_Work task_.
Omit all pictures and transcribe only the lines in the entries below that run from the line with "This illustration shows" through the line with "- Customizable Tattoo".

_Material provided_.

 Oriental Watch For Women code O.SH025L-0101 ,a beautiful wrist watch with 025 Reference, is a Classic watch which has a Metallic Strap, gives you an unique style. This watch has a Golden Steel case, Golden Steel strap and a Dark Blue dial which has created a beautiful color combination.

...

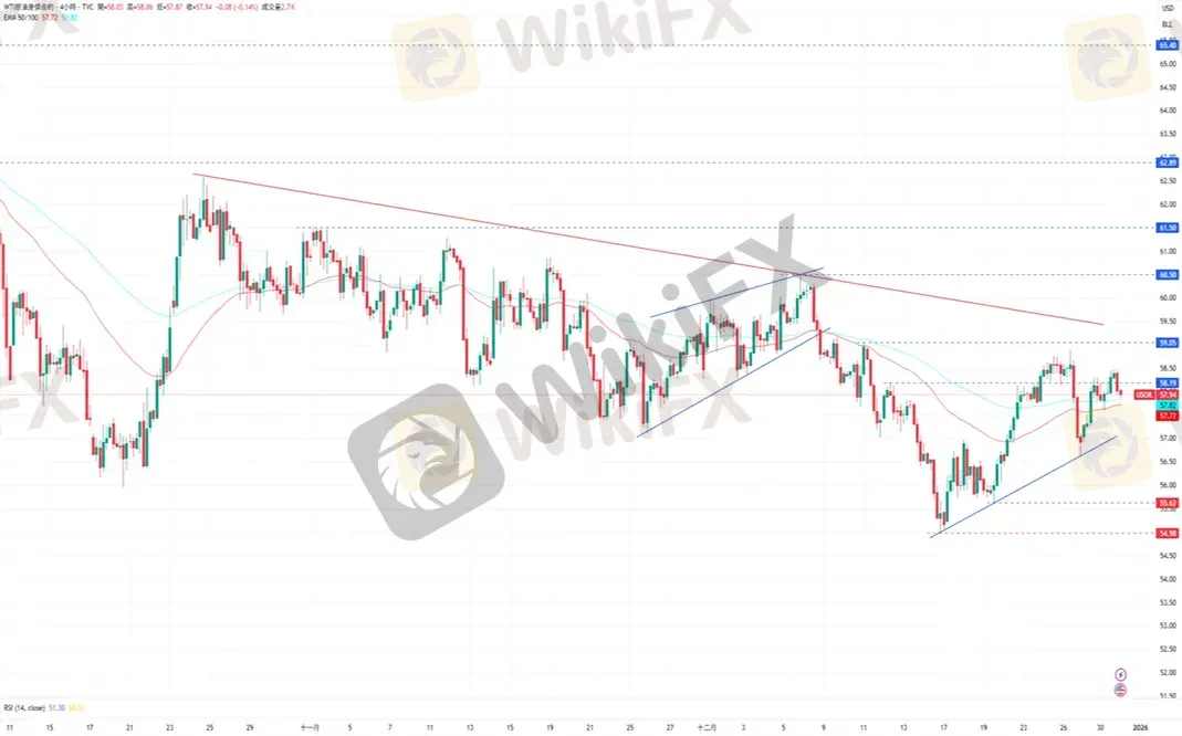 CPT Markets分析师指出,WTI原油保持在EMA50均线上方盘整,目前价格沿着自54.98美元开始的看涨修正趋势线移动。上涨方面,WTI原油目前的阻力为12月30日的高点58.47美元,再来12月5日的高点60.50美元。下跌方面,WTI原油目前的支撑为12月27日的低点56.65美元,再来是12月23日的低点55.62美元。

...

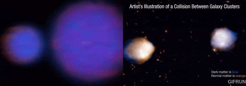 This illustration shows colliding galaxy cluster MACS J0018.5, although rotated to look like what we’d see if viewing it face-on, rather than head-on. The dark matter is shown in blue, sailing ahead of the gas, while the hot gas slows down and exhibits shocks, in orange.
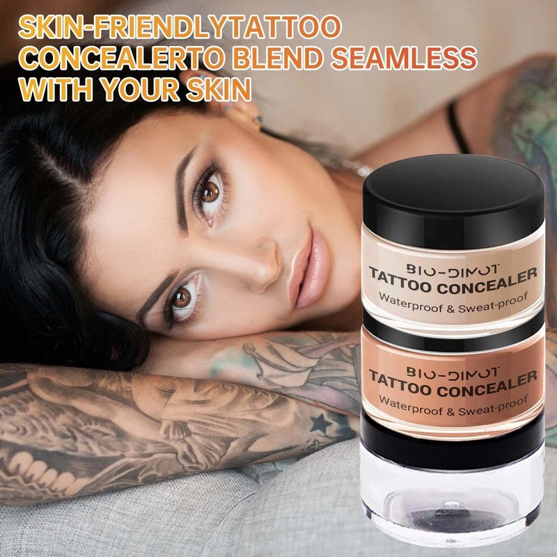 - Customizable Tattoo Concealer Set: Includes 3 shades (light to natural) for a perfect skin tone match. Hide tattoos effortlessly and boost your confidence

_Result of the exercise_.
 This illustration shows colliding galaxy cluster MACS J0018.5, although rotated to look like what we’d see if viewing it face-on, rather than head-on. The dark matter is shown in blue, sailing ahead of the gas, while the hot gas slows down and exhibits shocks, in orange.
 - Customizable Tattoo Concealer Set: Includes 3 shades (light to natural) for a perfect skin tone match. Hide tattoos effortlessly and boost your confidence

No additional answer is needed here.